Saved data entries

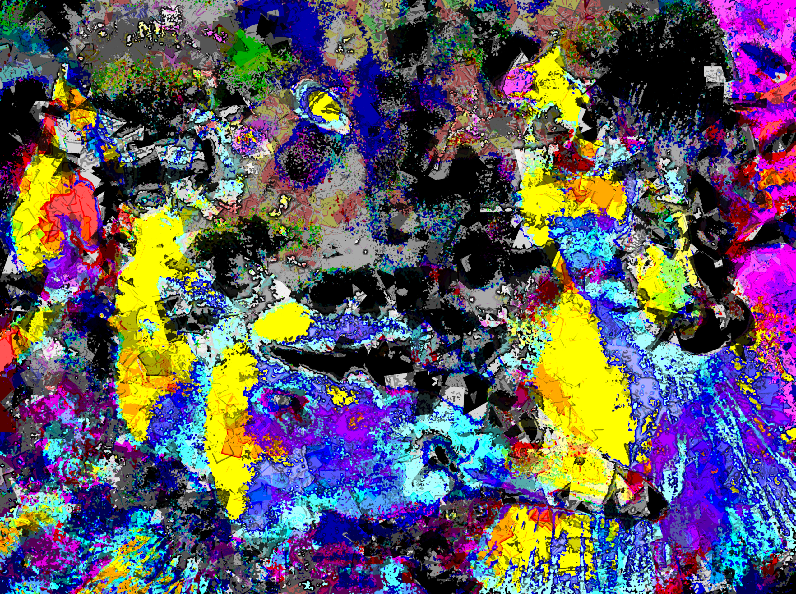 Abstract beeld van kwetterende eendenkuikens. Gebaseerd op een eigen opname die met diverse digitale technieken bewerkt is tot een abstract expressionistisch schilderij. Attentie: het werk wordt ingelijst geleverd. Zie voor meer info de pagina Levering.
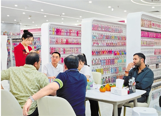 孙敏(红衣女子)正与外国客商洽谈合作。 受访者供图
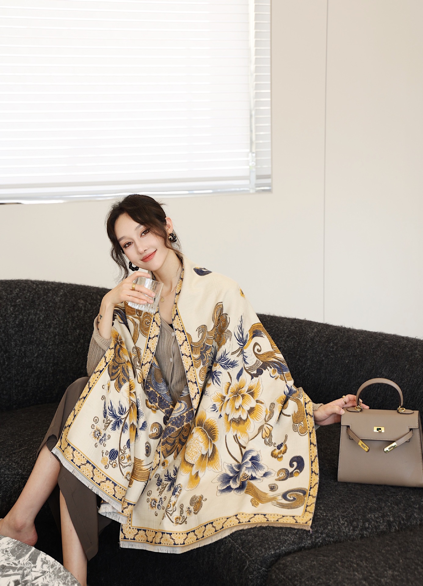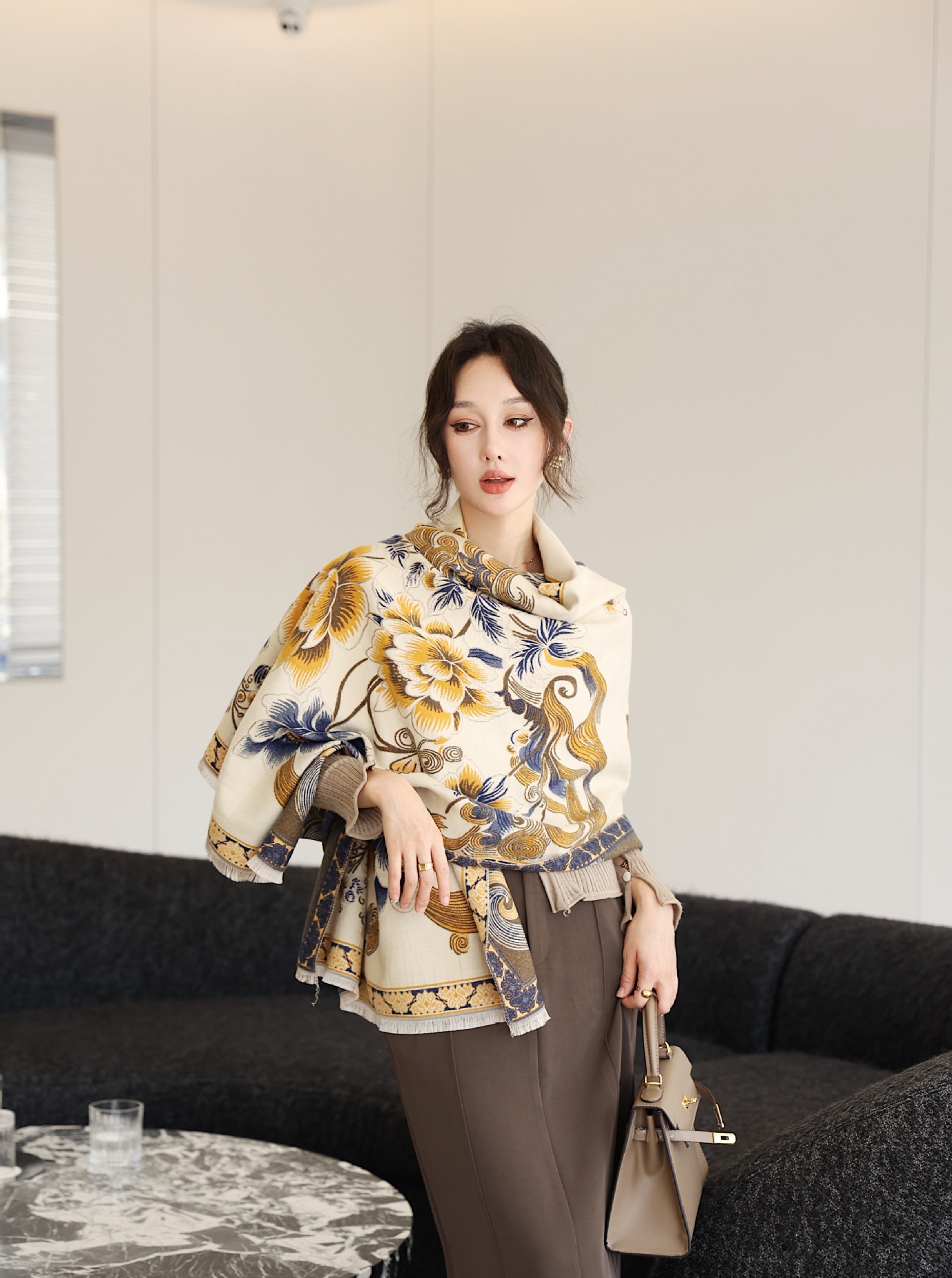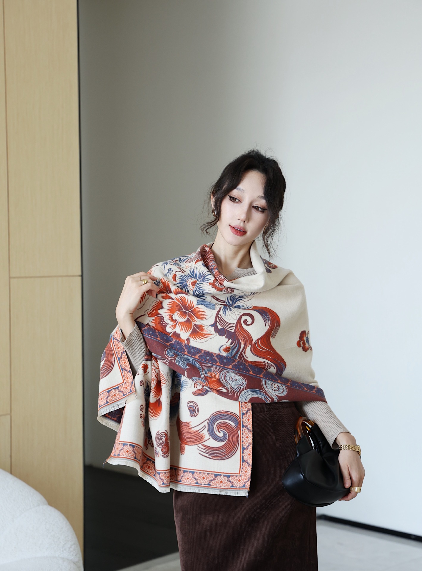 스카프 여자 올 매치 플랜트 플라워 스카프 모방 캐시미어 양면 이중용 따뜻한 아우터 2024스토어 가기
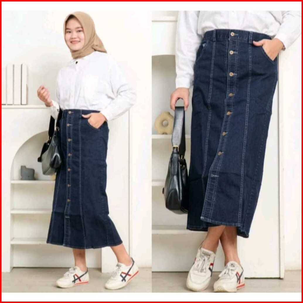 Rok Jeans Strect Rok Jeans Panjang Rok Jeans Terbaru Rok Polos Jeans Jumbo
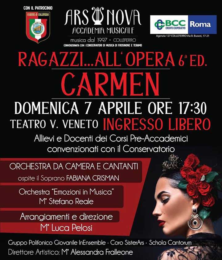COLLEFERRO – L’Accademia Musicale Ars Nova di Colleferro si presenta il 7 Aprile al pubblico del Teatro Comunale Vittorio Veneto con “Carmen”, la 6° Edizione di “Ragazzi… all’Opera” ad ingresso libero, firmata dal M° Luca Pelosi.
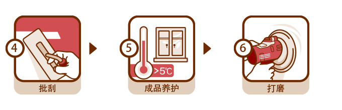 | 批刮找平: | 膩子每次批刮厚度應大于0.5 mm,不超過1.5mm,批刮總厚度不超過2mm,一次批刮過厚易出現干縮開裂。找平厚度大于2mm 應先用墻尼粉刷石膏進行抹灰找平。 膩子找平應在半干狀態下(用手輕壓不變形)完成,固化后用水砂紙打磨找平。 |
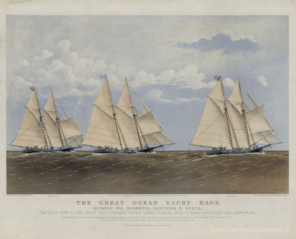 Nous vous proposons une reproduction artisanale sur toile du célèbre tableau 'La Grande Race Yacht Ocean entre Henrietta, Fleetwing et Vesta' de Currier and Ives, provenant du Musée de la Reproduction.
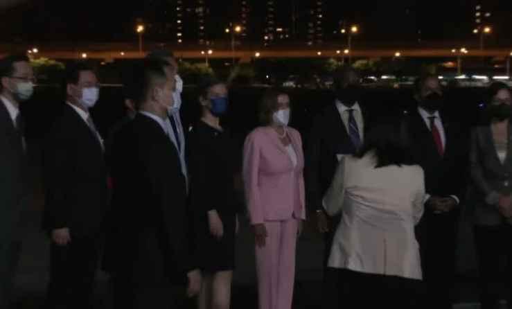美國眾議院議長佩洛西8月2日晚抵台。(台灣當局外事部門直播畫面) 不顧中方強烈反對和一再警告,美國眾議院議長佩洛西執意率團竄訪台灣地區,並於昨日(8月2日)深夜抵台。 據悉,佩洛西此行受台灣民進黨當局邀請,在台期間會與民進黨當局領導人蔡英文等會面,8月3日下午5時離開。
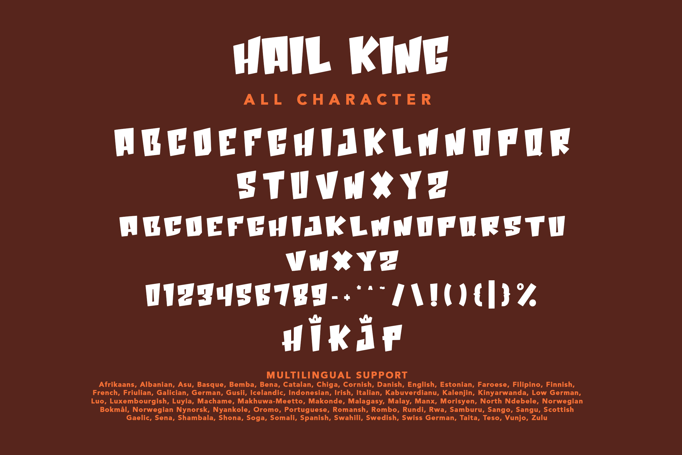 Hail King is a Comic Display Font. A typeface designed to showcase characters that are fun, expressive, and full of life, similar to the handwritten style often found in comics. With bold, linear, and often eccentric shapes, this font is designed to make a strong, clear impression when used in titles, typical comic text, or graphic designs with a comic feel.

• [Goal of the exercise] Include the first line of the records, the line containing "孙敏(红衣女子)正与外国客商洽谈合作。 受访者供图", and every line between them, repeated exactly. Skip the pictures.

• [Solution to this task]
 Abstract beeld van kwetterende eendenkuikens. Gebaseerd op een eigen opname die met diverse digitale technieken bewerkt is tot een abstract expressionistisch schilderij. Attentie: het werk wordt ingelijst geleverd. Zie voor meer info de pagina Levering.
 孙敏(红衣女子)正与外国客商洽谈合作。 受访者供图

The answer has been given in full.